**Supplied records**

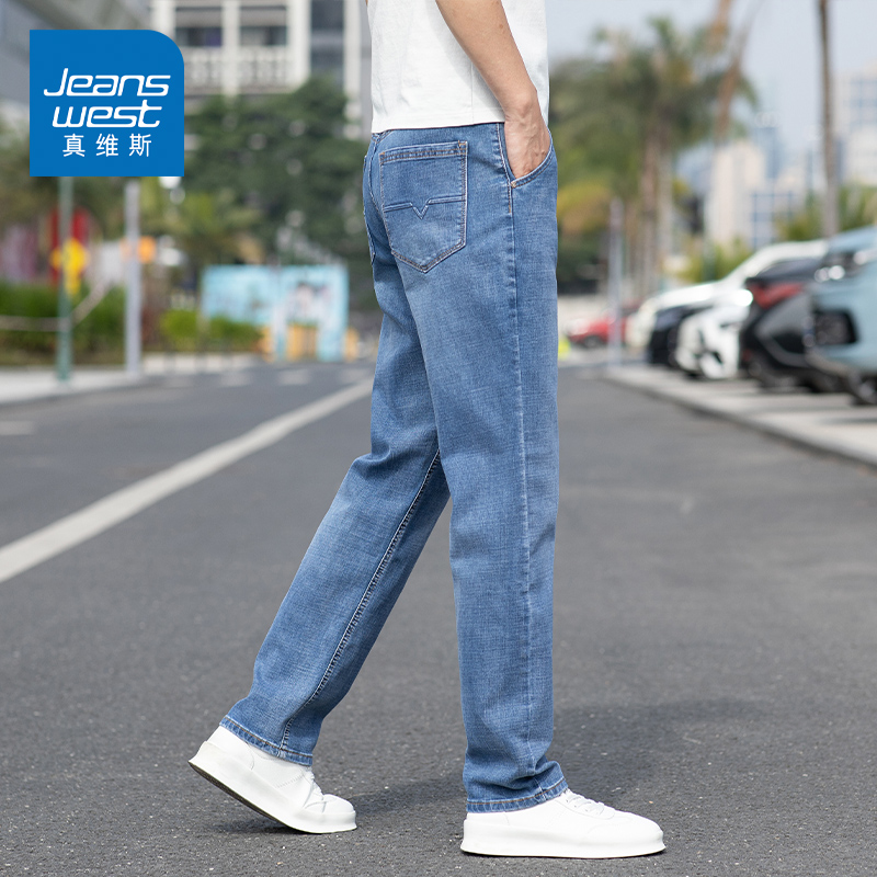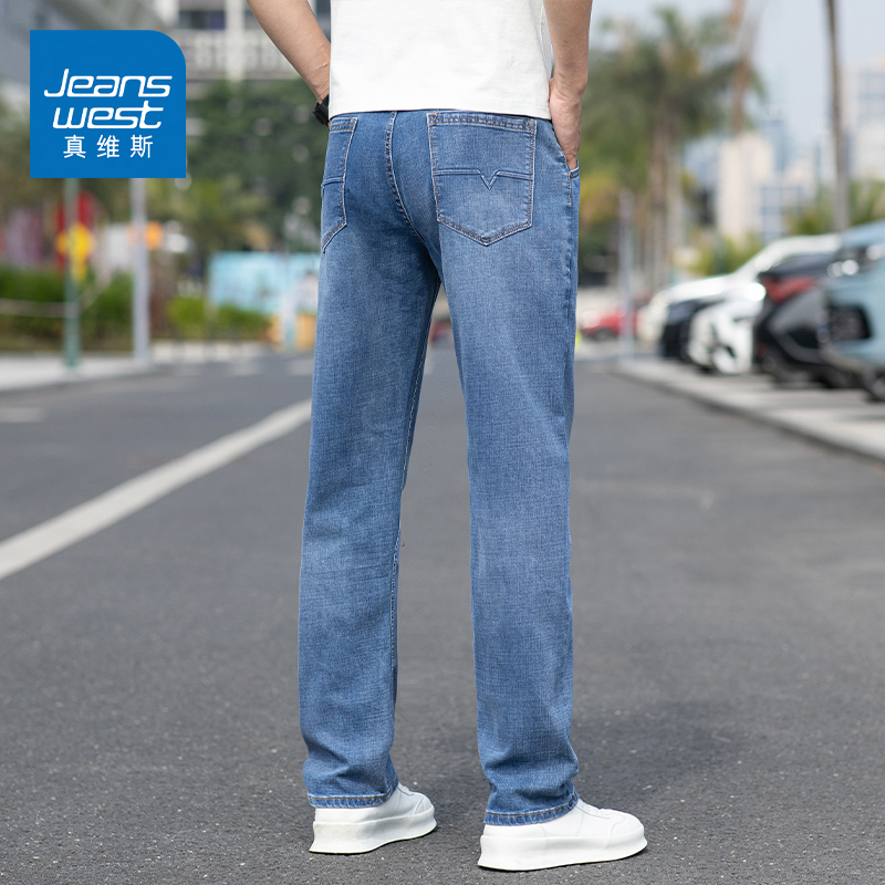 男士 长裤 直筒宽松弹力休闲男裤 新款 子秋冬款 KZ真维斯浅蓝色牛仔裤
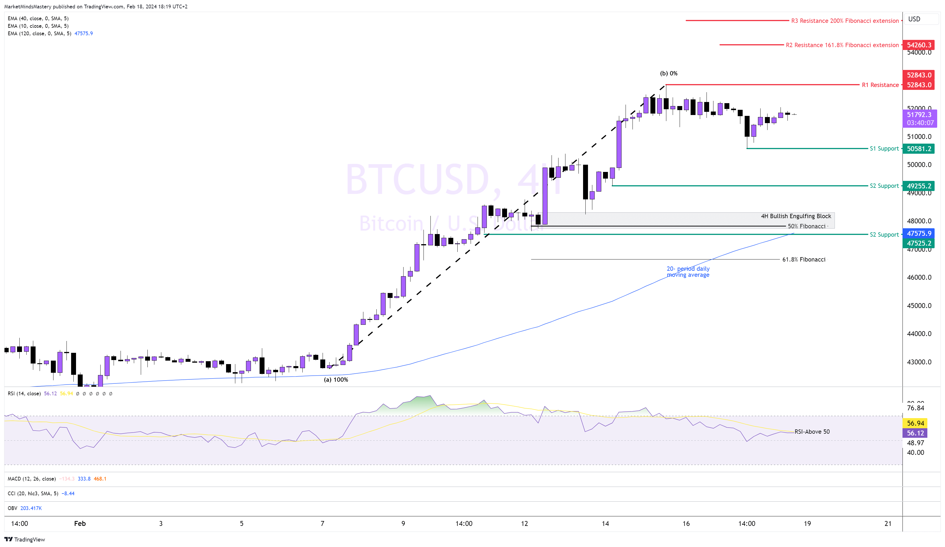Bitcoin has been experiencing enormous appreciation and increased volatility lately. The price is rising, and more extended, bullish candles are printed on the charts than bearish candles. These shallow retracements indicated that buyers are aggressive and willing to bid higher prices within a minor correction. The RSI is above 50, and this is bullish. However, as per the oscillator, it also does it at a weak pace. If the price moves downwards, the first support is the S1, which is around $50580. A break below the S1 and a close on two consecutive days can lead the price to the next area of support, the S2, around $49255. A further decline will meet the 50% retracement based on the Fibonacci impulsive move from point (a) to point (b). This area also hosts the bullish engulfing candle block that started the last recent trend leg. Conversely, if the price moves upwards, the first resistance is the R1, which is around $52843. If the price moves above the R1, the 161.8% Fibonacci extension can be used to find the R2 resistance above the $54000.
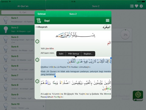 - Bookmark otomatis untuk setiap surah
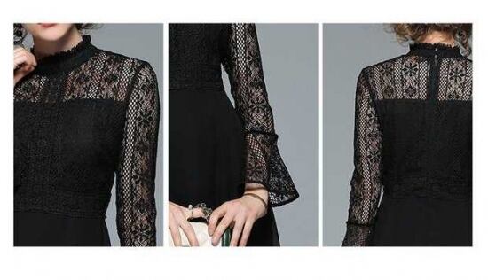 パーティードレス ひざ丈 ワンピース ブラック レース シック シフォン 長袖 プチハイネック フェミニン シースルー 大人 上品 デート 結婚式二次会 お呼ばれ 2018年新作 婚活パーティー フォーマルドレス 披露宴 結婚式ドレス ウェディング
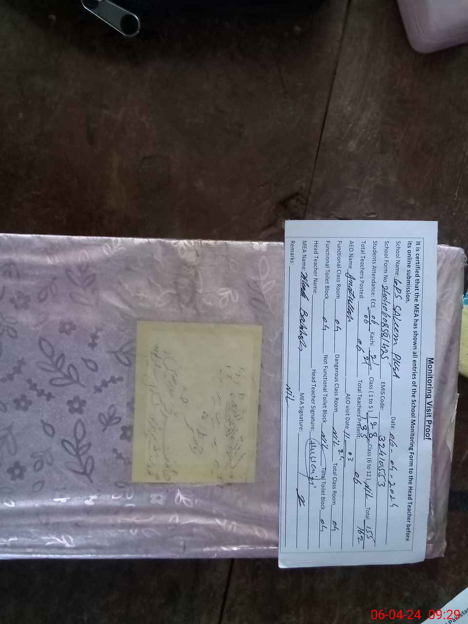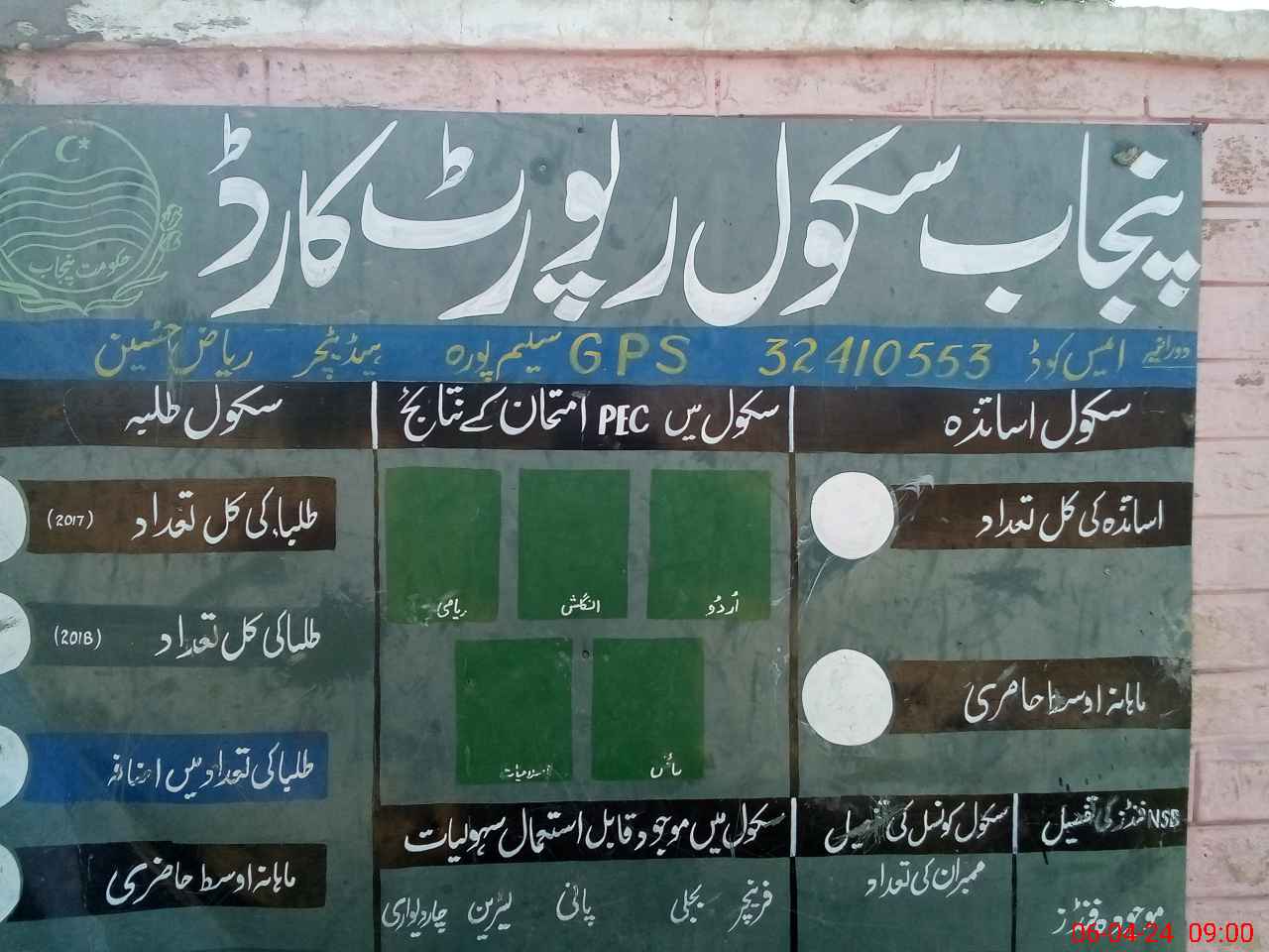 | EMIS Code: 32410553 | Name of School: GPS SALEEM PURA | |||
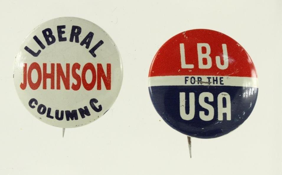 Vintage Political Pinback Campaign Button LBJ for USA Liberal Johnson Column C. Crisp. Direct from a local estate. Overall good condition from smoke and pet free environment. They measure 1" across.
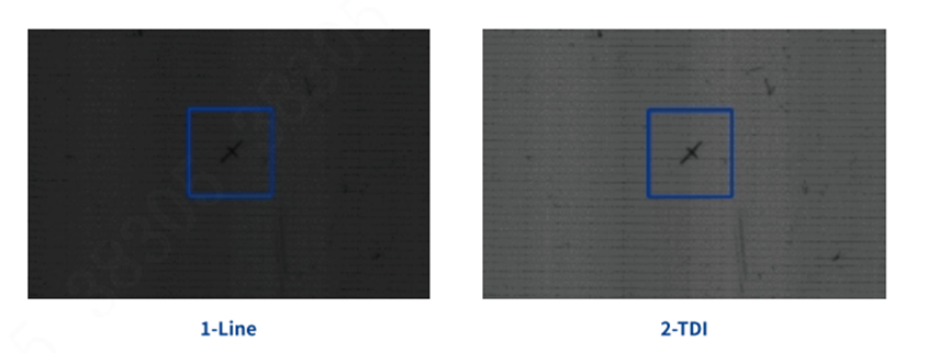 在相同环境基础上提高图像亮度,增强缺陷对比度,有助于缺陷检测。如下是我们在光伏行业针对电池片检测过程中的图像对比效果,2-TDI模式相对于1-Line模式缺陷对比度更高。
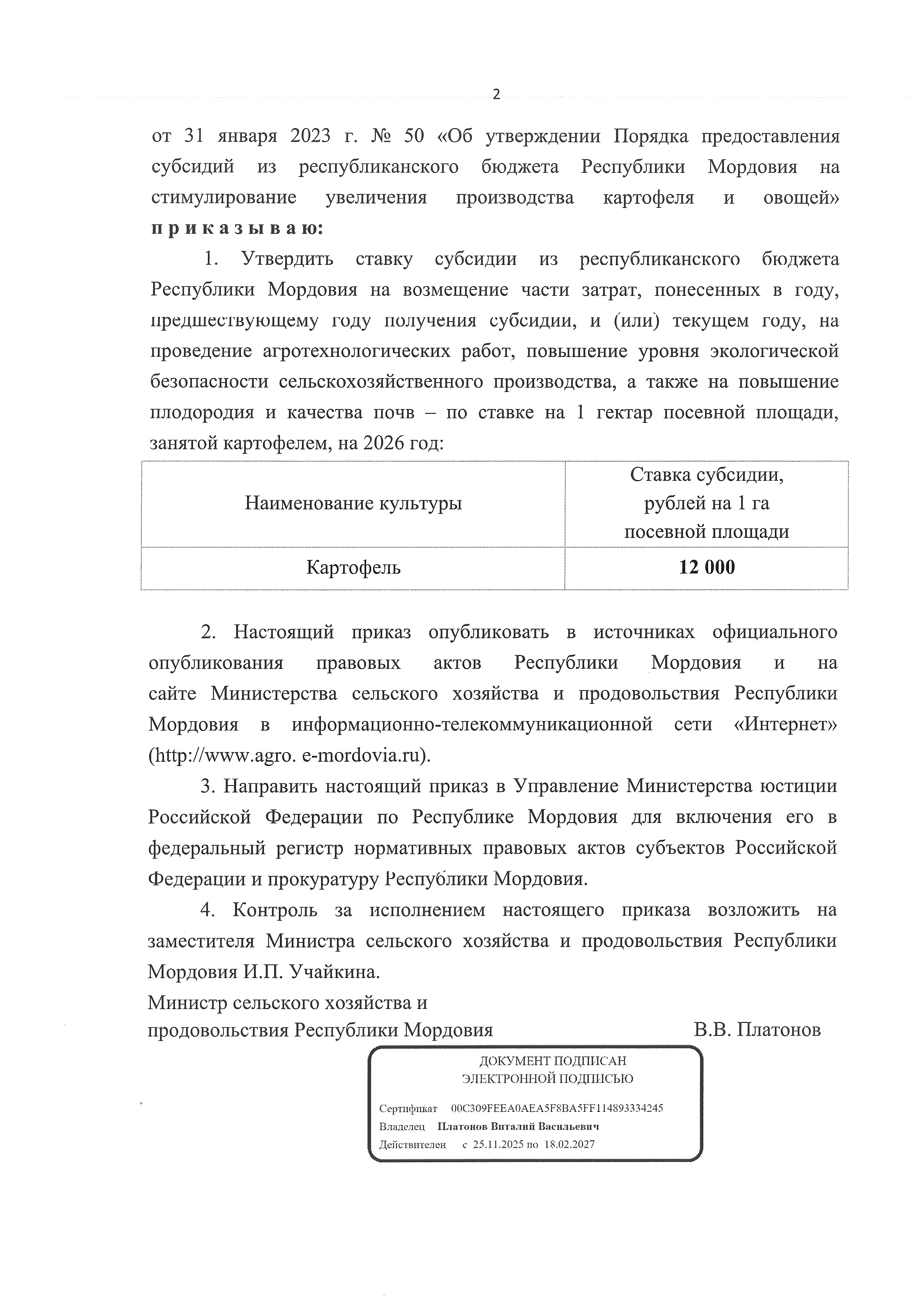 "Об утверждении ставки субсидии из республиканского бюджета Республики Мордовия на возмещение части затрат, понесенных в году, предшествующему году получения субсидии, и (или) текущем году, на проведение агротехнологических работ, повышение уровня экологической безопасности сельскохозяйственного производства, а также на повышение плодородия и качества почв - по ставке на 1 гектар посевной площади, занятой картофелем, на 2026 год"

**Aim of the task**
Give back exactly the lines from the first line of the data through the line with "パーティードレス ひざ丈 ワンピース", pictures excluded.

**Response to the task**
 男士 长裤 直筒宽松弹力休闲男裤 新款 子秋冬款 KZ真维斯浅蓝色牛仔裤
Bitcoin has been experiencing enormous appreciation and increased volatility lately. The price is rising, and more extended, bullish candles are printed on the charts than bearish candles. These shallow retracements indicated that buyers are aggressive and willing to bid higher prices within a minor correction. The RSI is above 50, and this is bullish. However, as per the oscillator, it also does it at a weak pace. If the price moves downwards, the first support is the S1, which is around $50580. A break below the S1 and a close on two consecutive days can lead the price to the next area of support, the S2, around $49255. A further decline will meet the 50% retracement based on the Fibonacci impulsive move from point (a) to point (b). This area also hosts the bullish engulfing candle block that started the last recent trend leg. Conversely, if the price moves upwards, the first resistance is the R1, which is around $52843. If the price moves above the R1, the 161.8% Fibonacci extension can be used to find the R2 resistance above the $54000.
 - Bookmark otomatis untuk setiap surah
 パーティードレス ひざ丈 ワンピース ブラック レース シック シフォン 長袖 プチハイネック フェミニン シースルー 大人 上品 デート 結婚式二次会 お呼ばれ 2018年新作 婚活パーティー フォーマルドレス 披露宴 結婚式ドレス ウェディング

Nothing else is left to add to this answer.